Input for this task:

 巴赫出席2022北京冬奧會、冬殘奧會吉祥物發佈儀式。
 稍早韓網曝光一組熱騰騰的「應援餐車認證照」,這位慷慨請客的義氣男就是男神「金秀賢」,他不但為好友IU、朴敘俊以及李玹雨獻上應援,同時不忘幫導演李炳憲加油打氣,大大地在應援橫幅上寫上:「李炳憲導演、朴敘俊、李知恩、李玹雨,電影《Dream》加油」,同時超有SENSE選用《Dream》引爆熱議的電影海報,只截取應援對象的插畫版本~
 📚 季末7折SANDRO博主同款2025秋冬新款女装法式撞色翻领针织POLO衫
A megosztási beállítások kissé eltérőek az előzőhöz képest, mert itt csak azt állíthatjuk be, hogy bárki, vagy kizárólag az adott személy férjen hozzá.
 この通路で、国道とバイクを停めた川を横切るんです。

--

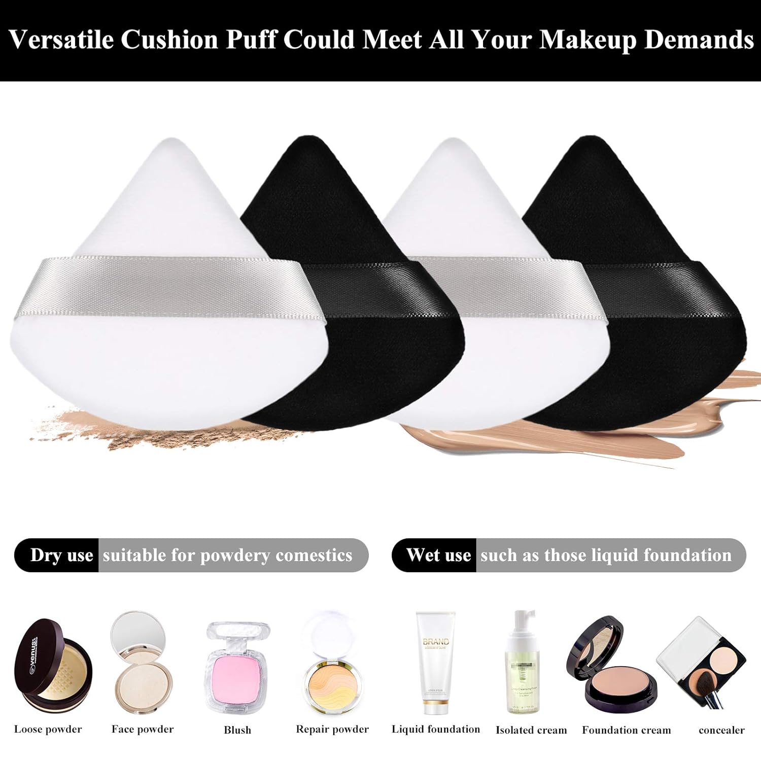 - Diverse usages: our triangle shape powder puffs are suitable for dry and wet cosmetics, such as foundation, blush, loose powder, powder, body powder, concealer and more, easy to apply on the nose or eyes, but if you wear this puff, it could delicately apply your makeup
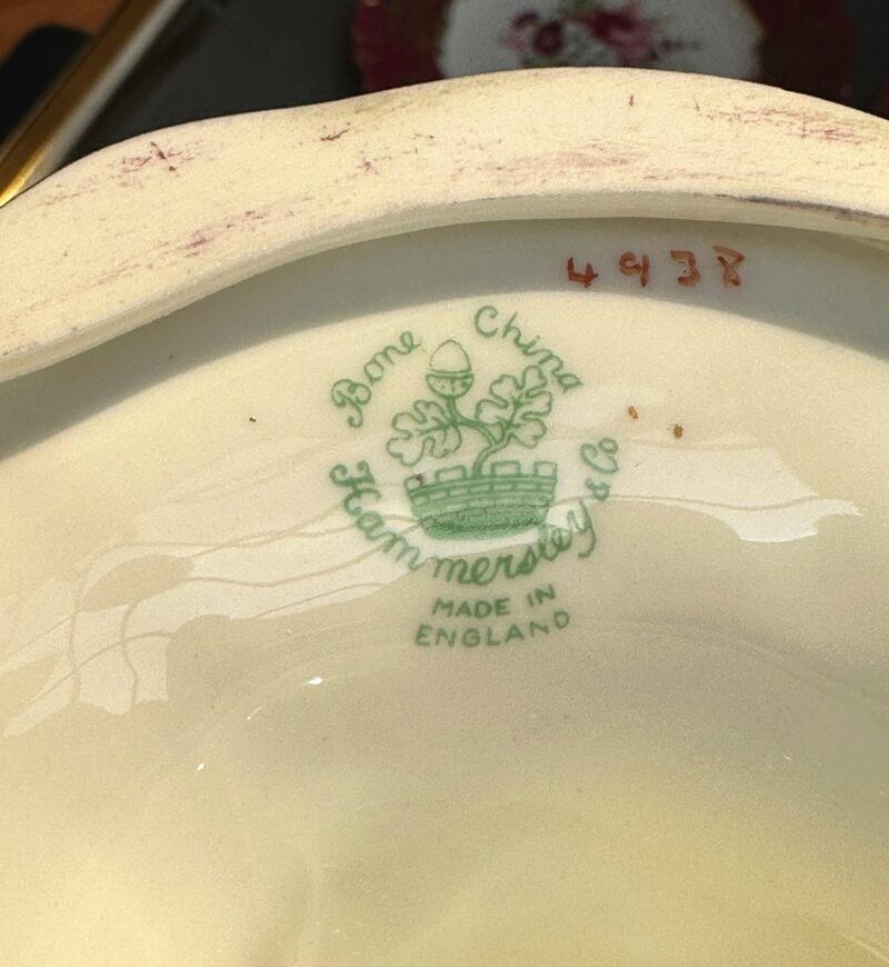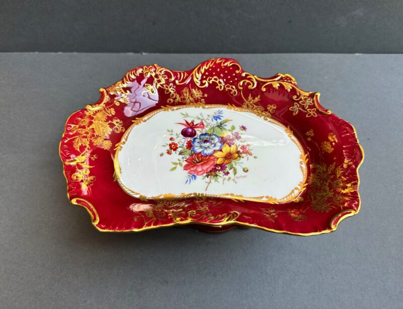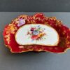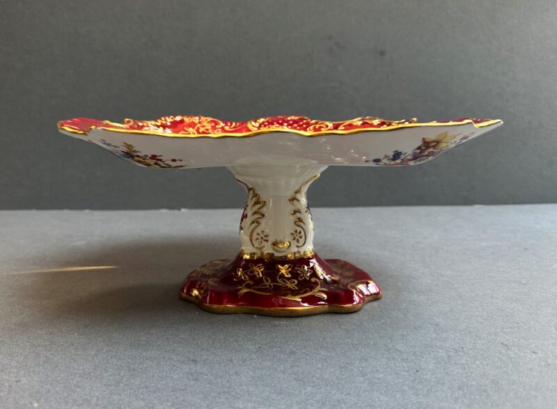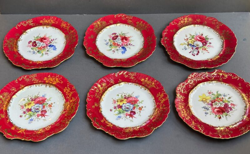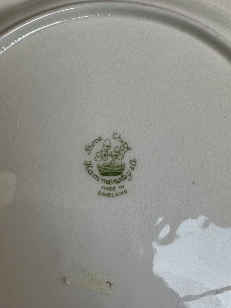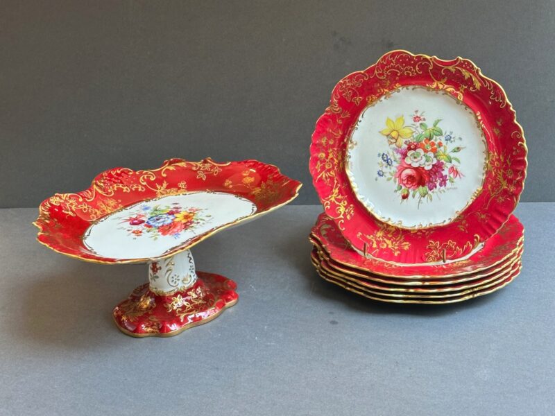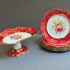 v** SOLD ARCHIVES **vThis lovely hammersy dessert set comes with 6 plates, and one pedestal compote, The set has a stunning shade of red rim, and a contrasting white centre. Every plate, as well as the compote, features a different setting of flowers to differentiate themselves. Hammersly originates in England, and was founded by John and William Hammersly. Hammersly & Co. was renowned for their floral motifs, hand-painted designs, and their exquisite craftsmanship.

Work instructions: Copy the entries above exactly, but only the stretch from the line containing "- Diverse usages: our" through the line containing "v** SOLD ARCHIVES". Keep both end lines; drop the pictures.

Exercise result:
 - Diverse usages: our triangle shape powder puffs are suitable for dry and wet cosmetics, such as foundation, blush, loose powder, powder, body powder, concealer and more, easy to apply on the nose or eyes, but if you wear this puff, it could delicately apply your makeup
 v** SOLD ARCHIVES **vThis lovely hammersy dessert set comes with 6 plates, and one pedestal compote, The set has a stunning shade of red rim, and a contrasting white centre. Every plate, as well as the compote, features a different setting of flowers to differentiate themselves. Hammersly originates in England, and was founded by John and William Hammersly. Hammersly & Co. was renowned for their floral motifs, hand-painted designs, and their exquisite craftsmanship.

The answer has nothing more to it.